Canadian ice hockey player (born 1961)

Barry Alan Pederson (born March 13, 1961) is a Canadian former professional ice hockey centre who played twelve seasons in the National Hockey League between 1980 and 1992. He finished second in NHL Awards Voting for Rookie of the Year in 1982 and was a two-time NHL All-Star. He won a Stanley Cup in 1991 with the Pittsburgh Penguins. In 34 Stanley Cup playoff games, he recorded 52 points for an average of 1.529, fourth best in NHL history.

==Playing career==
Pederson began his junior hockey career playing for the Nanaimo Junior A Clippers. Moving up to the Victoria Cougars of the WHL, Pederson was then drafted in the first round (18th overall) by the Boston Bruins in the 1980 NHL entry draft. He would return for one more season in Victoria after being drafted, scoring 147 points in 55 games, and another five points in a nine-game stint in Boston.

He broke into the NHL in the 1981–82 season, setting Bruin rookie records for goals (44, which still stands) and points (92) and finishing runner-up to Dale Hawerchuk for the Calder Memorial Trophy as the league's top rookie. Included in his 92 points was a seven-point effort against the Hartford Whalers which also remains a Bruin rookie record. Pederson and star winger Rick Middleton had instant chemistry, and would be one of the league's most dangerous duos for several seasons.

In 1982–83, he finished with 46 goals and 107 points. He led the Bruins in assists and points, and finished fifth in league scoring (the only player in the top eight not to eventually make the Hockey Hall of Fame). In the playoffs, he would take his game to another level, as he and Middleton wreaked havoc combining for 65 points in just 17 games before losing out to New York Islanders in the Conference Final. Pederson finished third in playoff goals and points despite not reaching the finals.

Pederson continued his exploits in 1983–84, posting 39 goals and 77 assists for 116 points. His assist and point totals again led the Bruins, and his point total placed him sixth in the NHL. His 77 assists were third in the league behind only Wayne Gretzky and Paul Coffey.

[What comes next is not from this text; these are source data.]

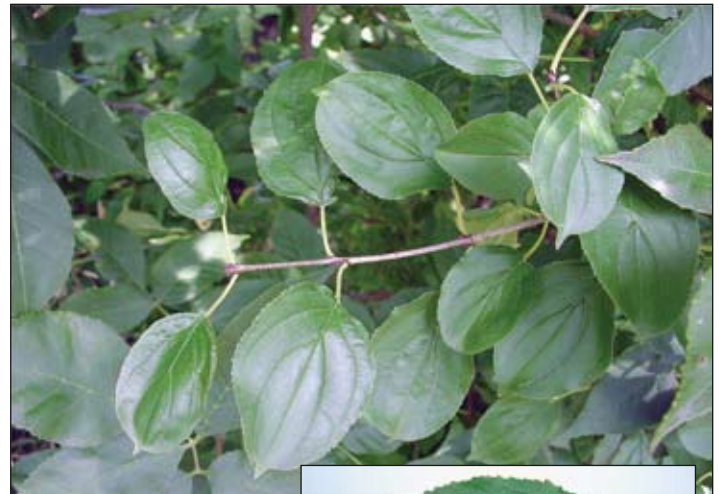
Figure 3. Common buckthorn ( Rhamnus cathartica )—leaves have toothed edges and curved veins. Dark berries may be present in the fall.

When scouting for soybean aphids, walk a broad U or X pattern through the field and examine 20 to 30 plants total, spread out over the field. Aphids can occur in “hot spots,” so it’s important not to make your decision based on just one spot that doesn’t represent the field as a whole. Pick a plant at random and count aphids, starting at the bottom and working your way up. Soybean aphids don’t drop off easily, so you can pull the plant up for easier examination if you choose. Pay special attention to the undersides of the leaves and the newest vegetation. Early in the season, aphids tend to occur on the newest vegetation at the top of the plant. Late in the season, they are often concentrated
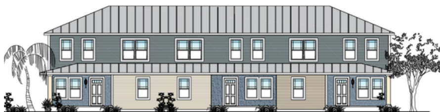
FRONT ELEVATION - MLK STREET - "ANTHONY" TOWNHOMES

This 7 acre site in Largo was purchased in October of 2021 and is currently in development to create 57-affordable townhome units. Development agreement was recently approved in March 2022 and we hope to break ground within the next 6 months. The concept is to have a mix of two to three-bedroom homes with a modern style with a total square footage of roughly 1,200 square feet. The overall project is estimated to cost $12 million, including the land acquisition.
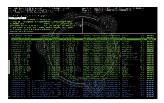
Screenshot of Tor relay connection listing.

TP The Internet is a predatory network that is, on one side, potentially a very coercive tool of totalitarian power and, on the other side, a tool that will increasingly be used to allocate rights and privileges through commercial means—credit scores or insurance rates and that sort of thing. Given that situation, can we imagine a different kind of network? Can we envision a network that is nonhostile? Our project Autonomy Cube is an attempt to imagine what this alternative network might be like.
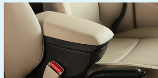
CENTER CONSOLE Interior colored comfortable armrest comes with dual storage compartment.
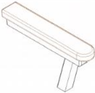
D - Bench Arm
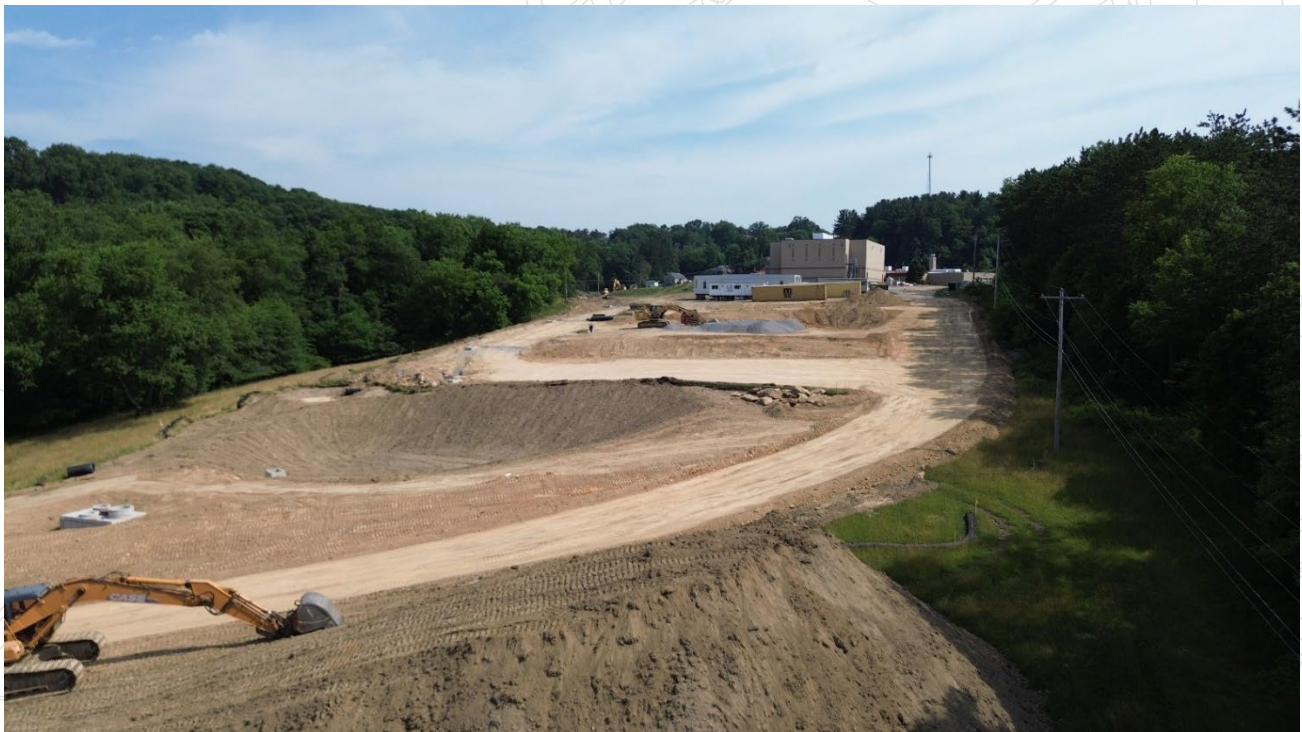
Aerial Photos – July 15, 2023

He played in his second consecutive NHL All-Star Game, and was selected to represent Canada at the 1984 Canada Cup tournament that summer.

At this point Pederson, despite being only 23, was on par with players such as Denis Savard, Michel Goulet, Ron Francis and Hawerchuk, all of whom went on to the Hall of Fame. However, his career would take a turn in the summer of 1984 when he was diagnosed with a benign tumor in his shoulder. He returned for only 22 games in the 1984–85 season, posting 12 points, before a second, more serious surgery had to be performed on the shoulder. This procedure required the removal of part of his shoulder muscle, and forced him to miss the remainder of the season.

Pederson returned to Boston's lineup for the 1985–86 season, but did not perform at the level he had prior to his injury. He finished the season with respectable totals of 29 goals and 76 points, good for fourth on the team but a 40-point drop from his last healthy year two seasons previous. At the conclusion of the season, Boston GM Harry Sinden, traded Pederson to Vancouver Canucks for Cam Neely and Vancouver's first round pick in the 1987 entry draft, which the Bruins used to select Glen Wesley.

For the 1986–87 season, he finished with 24 goals and a team-leading 52 assists for 76 points, and was named Canuck MVP by both the team's media and fans. In 1987–88, he again led the team in assists with 52, and added 19 goals for 71 points. He remains one of only four players in Canuck history (along with André Boudrias, Thomas Gradin and Henrik Sedin) to record consecutive 50-assist seasons.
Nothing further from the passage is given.